Configuring the DHCP Snooping Database

Wireless clients, or mobile nodes, assigned to an untrusted wireless network must be configured to use DHCP to obtain IP addresses from a DHCP server. The switch should have DHCP snooping enabled on the tunnel corresponding to the wireless network. Because the DHCP snooping database is not synchronized between the active and standby Supervisor 720, Cisco recommends that you store the DHCP snooping database on an external server.

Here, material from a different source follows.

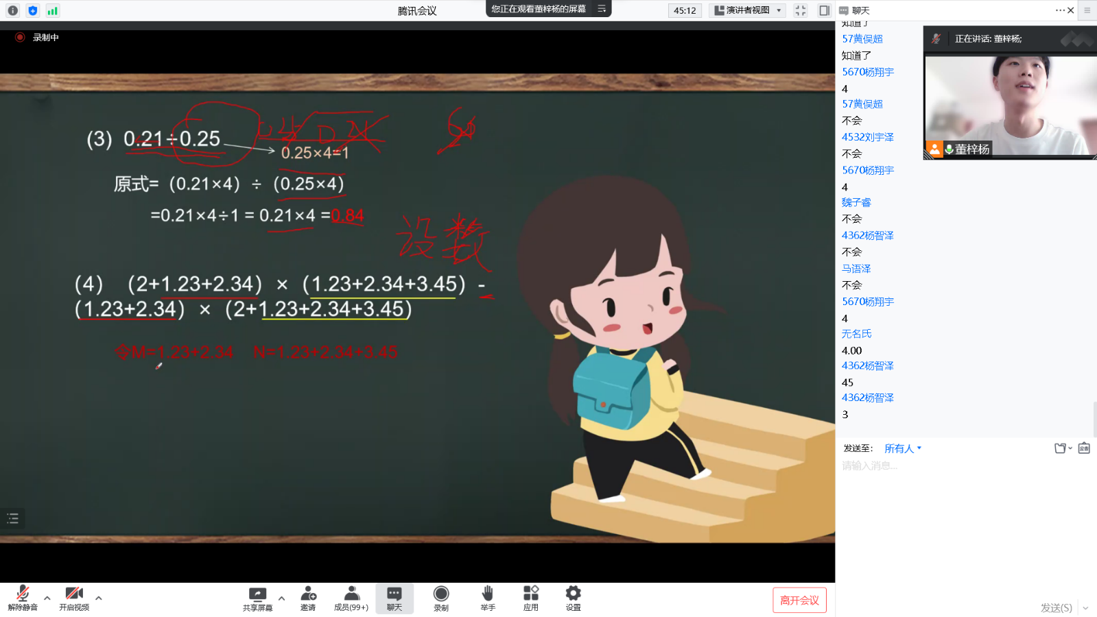 上午,李晓峰同学通过知识与故事相融合的方式为同学们带来了一堂生动有趣的法治课堂。李晓峰同学首先通过几个案例引发了孩子们对相关法治知识的思考,并以此切入主题,引出课堂内容:要强化法律意识,提升法治思维,一方面规范好自身行为;另一方面在遇到不法侵害时要勇于发声,拿起法律的武器保护自己,维护自身权益。课上,同学们参与度高,氛围积极活跃。下午的课程则是由董梓杨同学作为主讲老师给同学们上的一堂精彩纷呈的奥数课程。课程伊始,董梓杨同学通过一个与数学有关的趣味故事开启本次授课,有效地带动了课堂氛围和同学们的上课热情。随后,董梓杨同学通过知识点与例题相结合的方式,帮助同学们更好地理解和领会课程内容。在交流互动的过程中,同学们积极回应,踊跃表达自己的想法,并由董梓杨同学帮助解答。

Storing the database on an external server allows the standby Supervisor to retrieve the accumulated states if a switchover occurs.

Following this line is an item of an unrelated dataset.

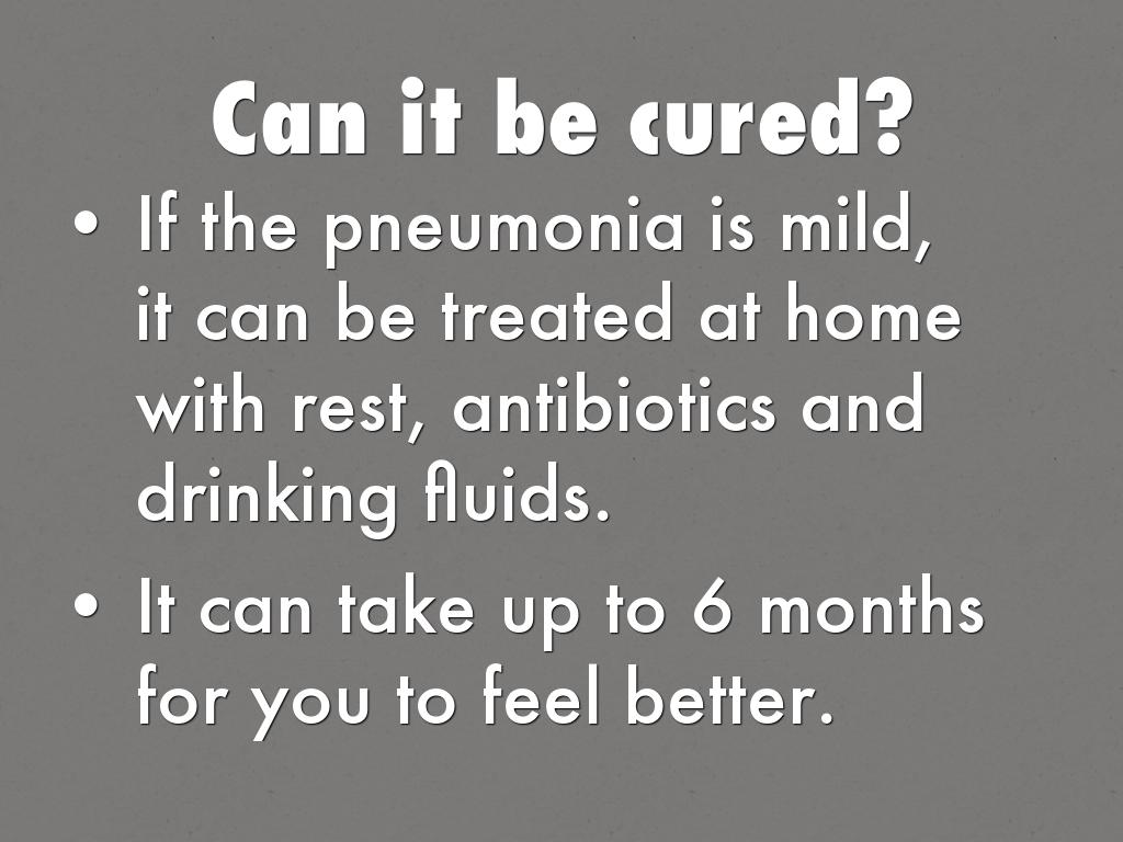 If the pneumonia is mild, it can be treated at home with rest, antibiotics and drinking fluids.

To configure DHCP snooping database options, perform these tasks:

Command
Purpose 
Router(config)# ip dhcp snooping database 
{url}

Specifies the URL that stores the DHCP snooping database entries; url takes the following forms:

tftp://host/filename

ftp://user:password@host/filename

rcp://user@host/filename

bootflash:/filename1 

Router(config)# ip dhcp snooping database 
write-delay seconds

Specifies (in seconds) the duration for which the database transfer should be delayed after the database changes. The default is 300 seconds. The range is from 15 to 86400 seconds.

1 Due to issues with storing the DHCP snooping database on the bootflash device, as documented in caveat CSCee23185, and the limited storage capacity on the bootflash device, we recommend that you store the database on an external server. When a file is stored in a remote location that is accessible through FTP, TFTP, or RCP, a redundant supervisor engine configured with RPR or SSO takes over the database when a switchover occurs.

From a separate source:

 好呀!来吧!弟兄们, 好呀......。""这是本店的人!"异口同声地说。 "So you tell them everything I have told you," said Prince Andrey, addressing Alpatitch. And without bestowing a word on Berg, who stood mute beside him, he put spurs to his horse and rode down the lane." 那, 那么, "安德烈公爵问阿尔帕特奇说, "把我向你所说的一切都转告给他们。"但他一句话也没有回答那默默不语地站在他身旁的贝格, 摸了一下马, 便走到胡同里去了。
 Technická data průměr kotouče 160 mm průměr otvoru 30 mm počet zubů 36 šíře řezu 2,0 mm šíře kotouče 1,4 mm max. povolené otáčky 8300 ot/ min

This example shows how to specify the database URL using TFTP: 

Router(config)# ip dhcp snooping database tftp://90.90.90.90/snooping-rp2

This example shows how to specify the amount of time before writing DHCP snooping entries: 

Router(config)# ip dhcp snooping database write-delay 15

Note When you configure RPR and RPR+ redundancy, you must store the DHCP snooping database to an external server. Otherwise, mobile nodes in an untrusted network will lose connectivity after the supervisor engine switchover.

When you configure SSO redundancy, tunnel endpoints for mobile nodes are always synchronized to the standby supervisor engine. As a result, mobile nodes do not lose connectivity after a supervisor engine switchover, even if DHCP snooping database entries are not stored externally. However, after the switchover, the DHCP snooping database is emptied. Therefore, it is always advisable to have the DHCP snooping database to be stored externally for all modes of redundancy so that it will be retrieved automatically by the new active supervisor engine.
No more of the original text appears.